**** DATA SEGMENT

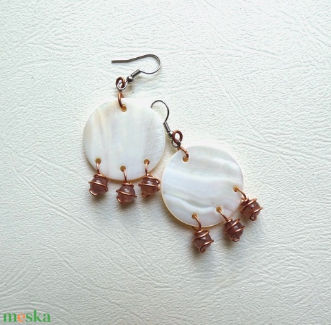 Fehér és Rózsaszín kagyló és ásvány fülbevaló
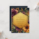Embrace a dramatic and opulent mood with this stunning botanical design. Against a deep, dark backdrop, a lush arrangement of painterly blooms unfurls in vibrant shades of plum, magenta, and warm marigold. Golden-hued foliage adds a touch of luminosity, creating a rich and romantic aesthetic for your special day.
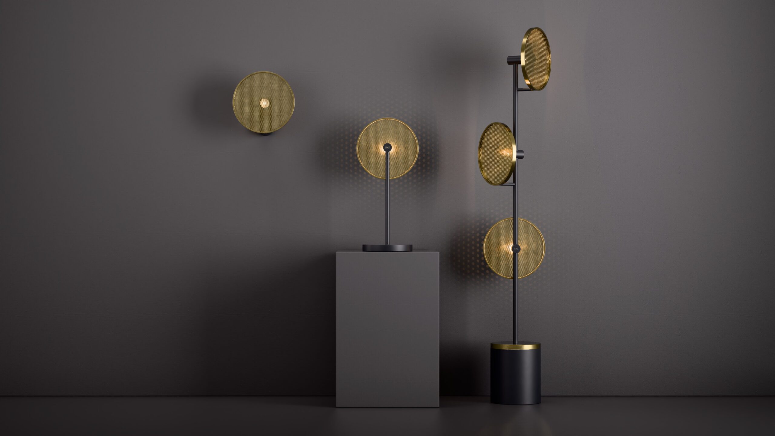 The Swizzle floor lamp features a playful lollipop shape, with a perforated discs that cast captivating patterns of light against the wall.
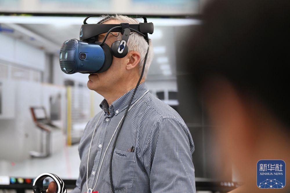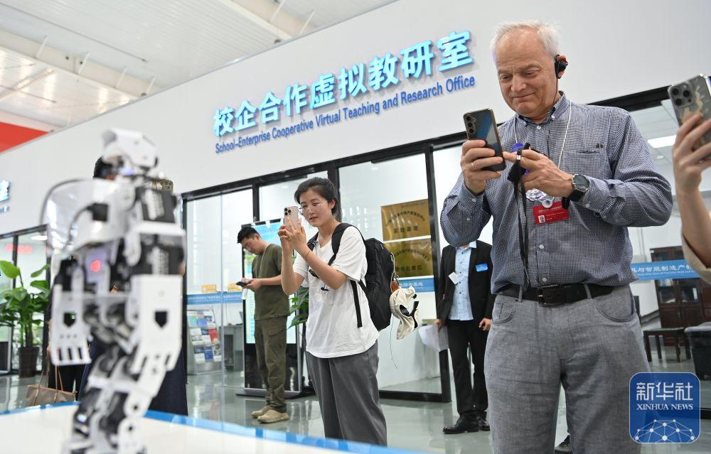 ↑ 7月7日,嘉宾在天津轻工职业技术学院参观体验。新华社记者 李然 摄影报道

********

WHAT IS EXPECTED: Set the preceding data down again word for word, omitting images.

OUTPUT:
 Fehér és Rózsaszín kagyló és ásvány fülbevaló
Embrace a dramatic and opulent mood with this stunning botanical design. Against a deep, dark backdrop, a lush arrangement of painterly blooms unfurls in vibrant shades of plum, magenta, and warm marigold. Golden-hued foliage adds a touch of luminosity, creating a rich and romantic aesthetic for your special day.
 The Swizzle floor lamp features a playful lollipop shape, with a perforated discs that cast captivating patterns of light against the wall.
 ↑ 7月7日,嘉宾在天津轻工职业技术学院参观体验。新华社记者 李然 摄影报道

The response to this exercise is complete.